# Spotted in Tesco and bought some



## Clean-my-sxi (Feb 5, 2008)

Simoniz pressure washer detergent 5L










Worth a go through the foam lance at £2.50


----------



## alan_mcc (Oct 28, 2008)

£2.50? :doublesho

Nearest tesco is 22 miles away.


----------



## Cullers (Sep 29, 2009)

I saw the stuff on sale but daftly didn't look at the price. Did get three applicator pads and grip for 1.99 though!


----------



## Clean-my-sxi (Feb 5, 2008)

are the grips anygood , ive seen them but didnt think they would have any benefit


----------



## woodym3 (Aug 30, 2009)

is that ok for paintwork? i was under the impression it was for patios and decking etc.


----------



## Clean-my-sxi (Feb 5, 2008)

woodym3 said:


> is that ok for paintwork? i was under the impression it was for patios and decking etc.


for everything, cars, bikes, patios, you name it


----------



## Cullers (Sep 29, 2009)

Not sure if the grips are any kop but the pads themselves work out cheap at that price. Might be good for applying black hole or similar.


----------



## woodym3 (Aug 30, 2009)

Clean-my-sxi said:


> for everything, cars, bikes, patios, you name it


excellent.. will have to send the long haired one down to tesco. you just have to have it at that price... cheers cms.


----------



## lpoolck (Jul 25, 2009)

Doubt this would be LSP safe though, but brillant price! Very tempted.


----------



## Avanti (Jan 17, 2006)

lpoolck said:


> *Doubt this would be LSP safe though*, but brillant price! Very tempted.


Why would that be?


----------



## Clean-my-sxi (Feb 5, 2008)

Avanti said:


> Why would that be?


Avanti, ive just found that AG sample you sent me all that time ago, i lost it and couldnt try it out  it fell down behind a shelf in the garage.


----------



## Avanti (Jan 17, 2006)

Clean-my-sxi said:


> Avanti, ive just found that AG sample you sent me all that time ago, i lost it and couldnt try it out  it fell down behind a shelf in the garage.


Still, let us know how you find it :thumb:


----------



## Clean-my-sxi (Feb 5, 2008)

Will do, i use BH AF and been unimpressed so far


----------



## AliBailey88 (Oct 13, 2009)

im off to tesco


----------



## lpoolck (Jul 25, 2009)

Avanti said:


> Why would that be?


Due to it being a detergent, I would be very surprised if it was PH neutral. Could be wrong, however like I said, I would be surprised if otherwise.:wave:


----------



## Avanti (Jan 17, 2006)

lpoolck said:


> Due to it being a detergent, I would be very surprised if it was PH neutral. Could be wrong, however like I said, I would be surprised if otherwise.:wave:


Listen man! this wax stripping thing is just BS repeat BS!, half of it is only beleived following stupid rumours started by the fear post, you earlier placed, how do I know? I have some here, it doesn't take long to to try this wax stripping lark, waxes are detergent proof, so there is no reason whether it be washing up liquid, TFR , APC, I simply go and try it and I suggest you and many others do too, it just seems a strange irrational fear and none of you will explain why? Or is it that it is just that one may have paid over the odds for a product which probably performs no better than what the OP has highlighted?
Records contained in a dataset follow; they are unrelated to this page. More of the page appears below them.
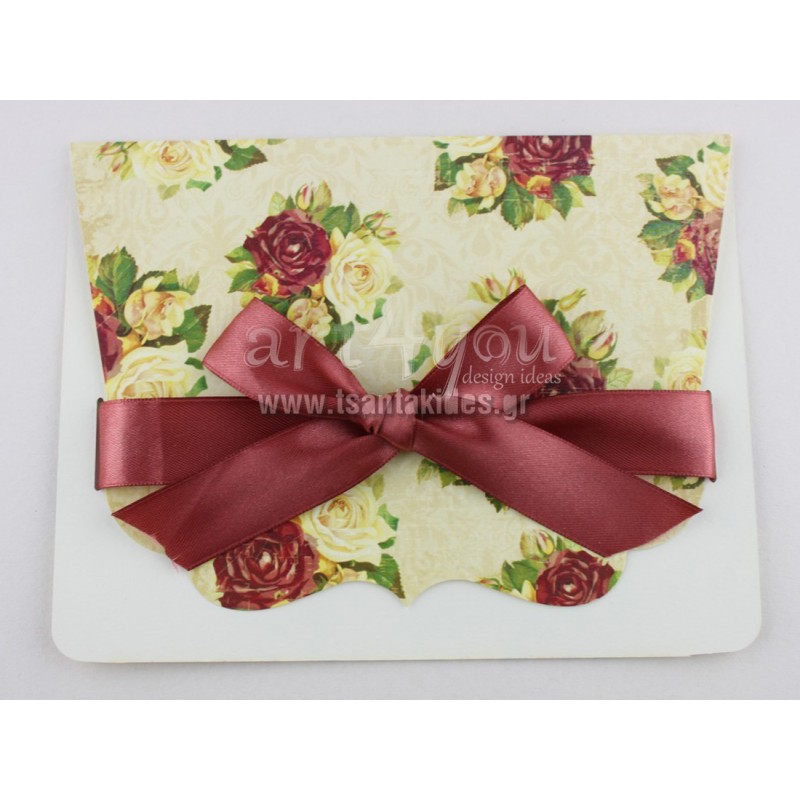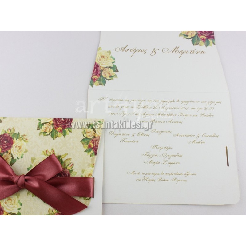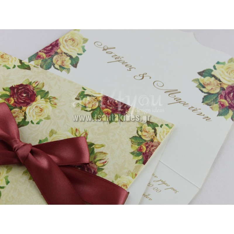 Προσκλητήριο Γάμου Vintage με Λουλούδια δίπτυχο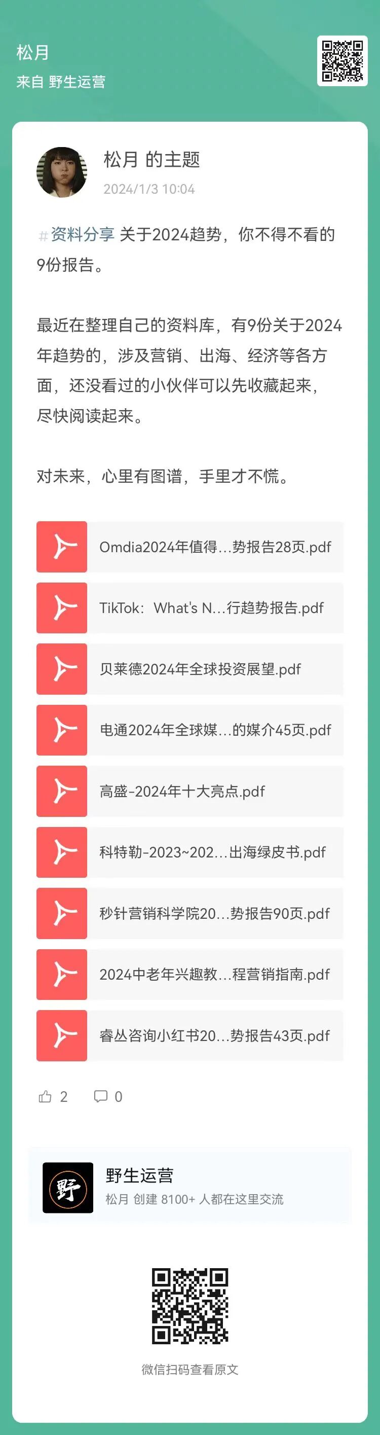 野生运营知识星球,每周会产生大量精华内容,每周一为你整理《野生运营:一周星球内参》,让你不错过任何一条有价值的信息。话不多说,这就开始!
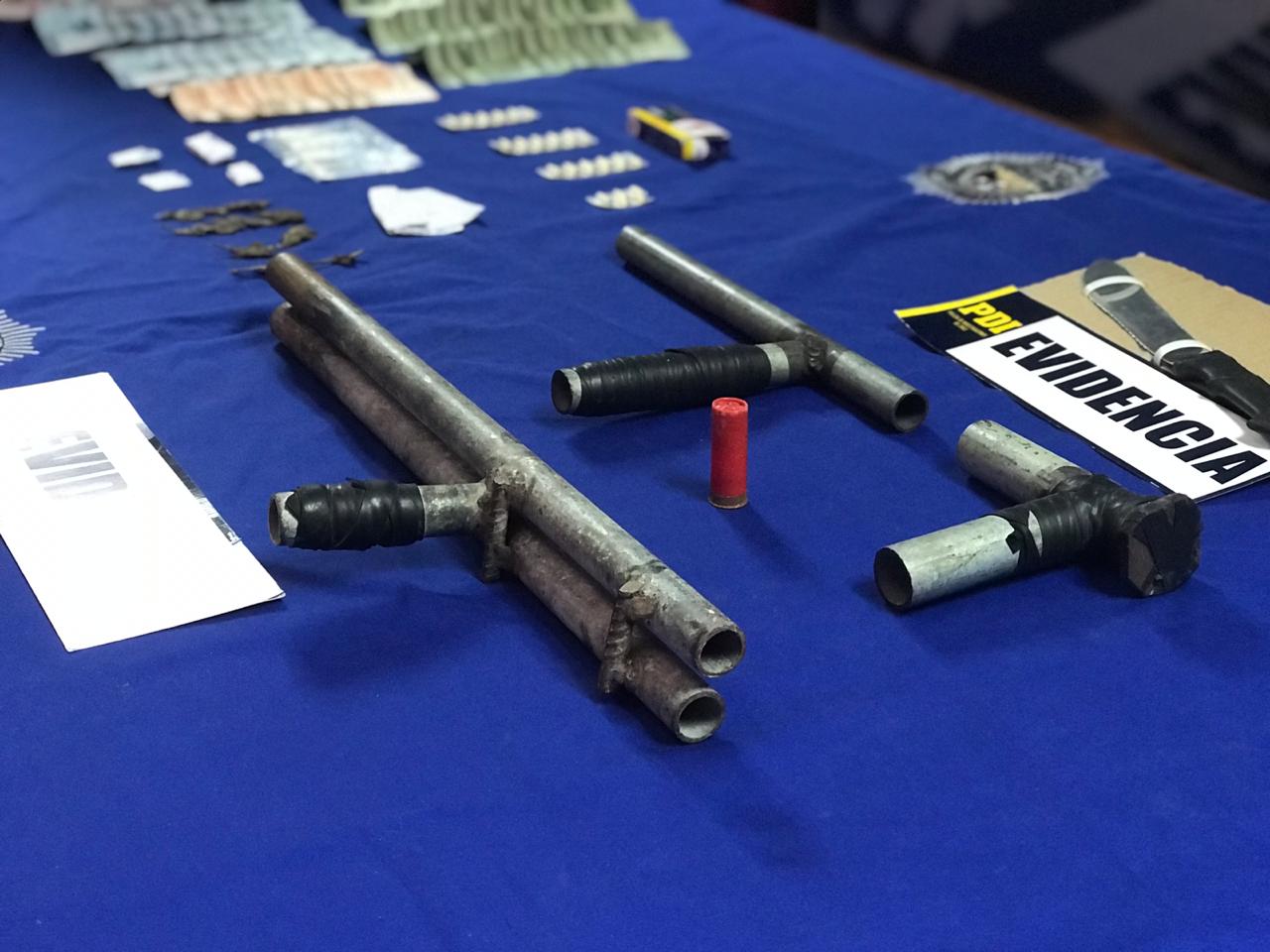En el procedimiento se logró la incautación de dos armas de fuego de fabricación artesanal, un cartucho sin percutir, 24,53 gramos de Cocaína Base, 8,08 gramos de cannabis sativa, 35 dosis de clonazepam y $137.000 pesos en dinero en efectivo de distinta denominación.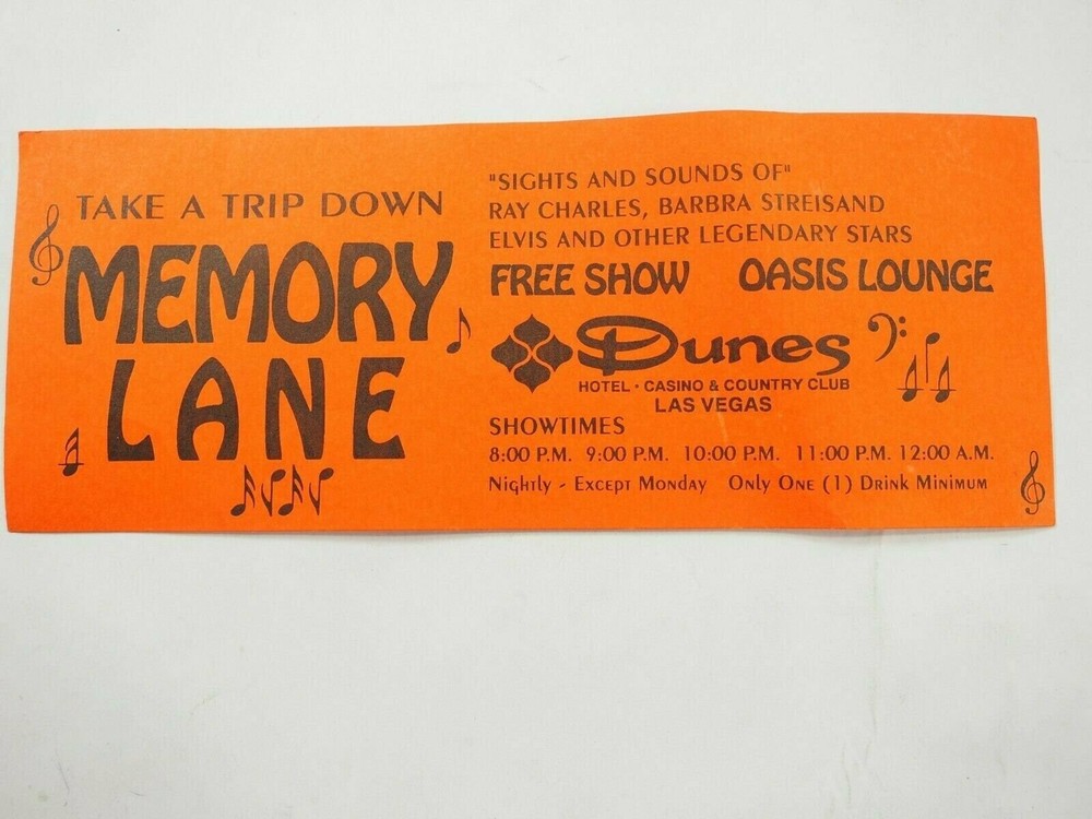 Dunes Hotel & Casino Take A Trip Down Memory Lane Sights and Sounds of Ray Charles,Barbara Streisand Elvis and Other legendary Stars Free How Oasis Lounge Voucher measuring 2.75" x 7" condition is very good Remember We want you happy We have a no hassle return policy Email me with Questions Be sure to add me to your favorites list! Check out my other items! PAYMENT & SHIPPING: Payment is due within 7 days of auction completion. We strive to ship the same day and 90% of our sales ship the same day payment is received. However, we do not work on the holidays or weekends so on occasion we will ship within a few days at the most. Please don`t forget to leave positive feedback and a five-star rating. Our system leaves feedback automatically when we receive feedback. We strive to make every transaction a 5-star rating for both of us! Shipping is done via USPS. All items have tracking numbers which are emailed to the customer. Any item valued $250 and up will have a USPS signature confirmation at no extra charge. If you would like to add insurance, please request as it is no longer an option through eBay check out I am happy to discount shipping on multiple purchases made in the same auction. Please wait for me to invoice you with the discount after the auction ends. If you make a payment, we will refund the difference. Shipping to AK, HI, PR, APO/FPO takes a little longer to arrive. Please do not give negative feedback or claim item has not arrived due to the post office delay Questions are usually answered within 24 hours, so please contact us with any questions or problems. We strive to resolve all questions/issues. INTERNATIONAL BUYERS: Shipping Cost tends to be a little higher than US shipping costs for items. Any item $76 dollars and up is shipped registered, insured and usually runs about 17-20 dollars depending on price and weight of an item. Import duties, taxes, and charges (typically collected upon delivery or pickup) are the buyer's responsibility and are not included in the item price or shipping charges. Please check with your country's customs office prior to bidding/buying to determine what these additional costs will be. We claim the value of the package by the ending item price. I cannot claim your item as a gift to avoid customs fees, as it is against the law. International usually takes up to 3 to 6 weeks to arrive so please don't file negative feedback because of the Post Office or Customs delay! RETURN POLICY: Returns are accepted up to 14 days after the auction end. Please ask all questions prior to bidding. Almost all of my pieces are handmade, so they will not be perfect. Vintage and used pieces will have some wear to them. I will point out any damage that I see. We strive to describe everything correctly but occasionally we might miss a measurement or blemish so please look at all the pictures carefully. LEGAL TERMS OF SALE: We try our very best to represent my items as accurately as possible. Items are guaranteed as described. Please read the whole description and look at pictures carefully as they are considered part of the description. Interpretation of condition and measurements are the buyer’s responsibility. Colors may not always be exact, Cameras will sometimes slightly alter the color of items and it may not match the picture exactly-that is not misrepresentation. Antiques and Collectibles are guaranteed to be authentic. If an item is improperly described it would not be intentional. We are aware that mistakes do happen and want you to be happy as your satisfaction and shopping experience is important to us. We will refund any misrepresented item. By confirming the bid, you are confirming you have read all of the terms listed above and understand them. Thank you.

The product is ph9 neat if i remember right, so at a 1% mix it will be nuetral once out of the lance, it is little different to regular car shampoo.


----------



## lpoolck (Jul 25, 2009)

Avanti said:


> Listen man! this wax stripping thing is just BS repeat BS!, half of it is only beleived following stupid rumours started by the fear post, you earlier placed, how do I know? I have some here, it doesn't take long to to try this wax stripping lark, waxes are detergent proof, so there is no reason whether it be washing up liquid, TFR , APC, I simply go and try it and I suggest you and many others do too, it just seems a strange irrational fear and none of you will explain why? Or is it that it is just that one may have paid over the odds for a product which probably performs no better than what the OP has highlighted?


You need to calm down


----------



## Avanti (Jan 17, 2006)

lpoolck said:


> You need to calm down


I am calm 
people brag about waxes being durable even though they are no more durable than other offerings, then there are the product rumours, trouble is those sort of posts make DW appear a BS zone, should it not be a place to come for honest reliable information?


----------



## Blazebro (May 18, 2007)

Clean-my-sxi said:


> Will do, i use BH AF and been unimpressed so far


Your not the only one, but that's a whole different spat.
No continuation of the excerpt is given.